Eventually, your complete resume will end up online.

Not only where you went to school, but your summer camp pictures, videos of you in the talent show…  Your old love will unload your story on Facebook…

That’s the price for playing in the public eye.

But it’s even worse.  That’s the price for being a PERSON these days.  Unless you’re willing to live in a dark closet alone, your life is public property.  The only question is, does anybody other than a small circle of friends care?

Get injections for Trout Pout, word is on the street almost immediately.

Fuck up in concert because you can’t really sing and a homemade video revealing your screw-ups will be online the next day.  Have you been following the Britney mistakes?  She may be trying to rehabilitate her image in the straight press, but anybody who follows her online knows she’s looney-tunes.

Madonna falls off a horse and blames it on the paparazzi?

Truth outs.  Photographers were nowhere near the accident.

This is a SEA CHANGE in publicity/image-making.  In other words, you can no longer spin the public.  You can have friends in the press, but didn’t you hear that newspapers are dying?

So you have to ask yourself what you’re selling, and focus on THAT!

In the music world, we focus on music.  On one hand that sounds simple, on another REVOLUTIONARY!  Because it hasn’t been about music in oh-so-long, certainly not in the mainstream.

Looking good has just gotten demoted.

If you’re a product of handlers, the truth will out.  If you can’t sing a note and are auto-tuned, if you have ghost writers, you’d better be proud of this, because the public is going to know the truth soon.

So reveal the truth first.  It’s not about holding back, but delivering more info.  If you reveal all your warts on your site, people will soon ignore them, will stop playing a game of Gotcha! and focus on what you’re truly selling.

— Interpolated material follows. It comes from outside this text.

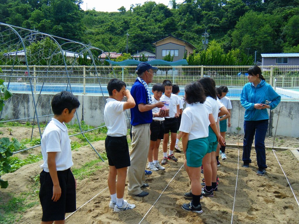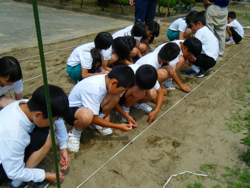 5年生が総合で、西荒屋特産のピーナッツ栽培をしていらっしゃる川辺さんからピーナッツを植えることを教えていただきました。初めての経験で、これからピーナッツの芽が出て、花が咲いて、どうなっていくのか興味津々です。餅つきのときに一緒に入れることができるといいですね。

Rather than holding information back, publicity reps need to focus on getting info OUT!

Susan Boyle’s publicity is mega, but those truly interested, outside of Britain, are a niche at best.

This week, the number one album is by Rick Ross, it sold a grand total of 157,544 copies.  Pretty stinky in a nation of 300 million.

But let me speak a language you’ll understand.  The vaunted Miley Cyrus?  The soundtrack of her supposed hit movie?  After five weeks in release, it’s got a cume of 658,835, and the movie’s already slipped to number 8, on its way to oblivion.

So all that publicity, it doesn’t deliver the success of yore.  There are no diamond sellers like in the nineties.  We all take a peek at the train-wreck, most of us move on.  Those that last have substance, they’re not creatures of some marketer’s dream.

We live in a changed world.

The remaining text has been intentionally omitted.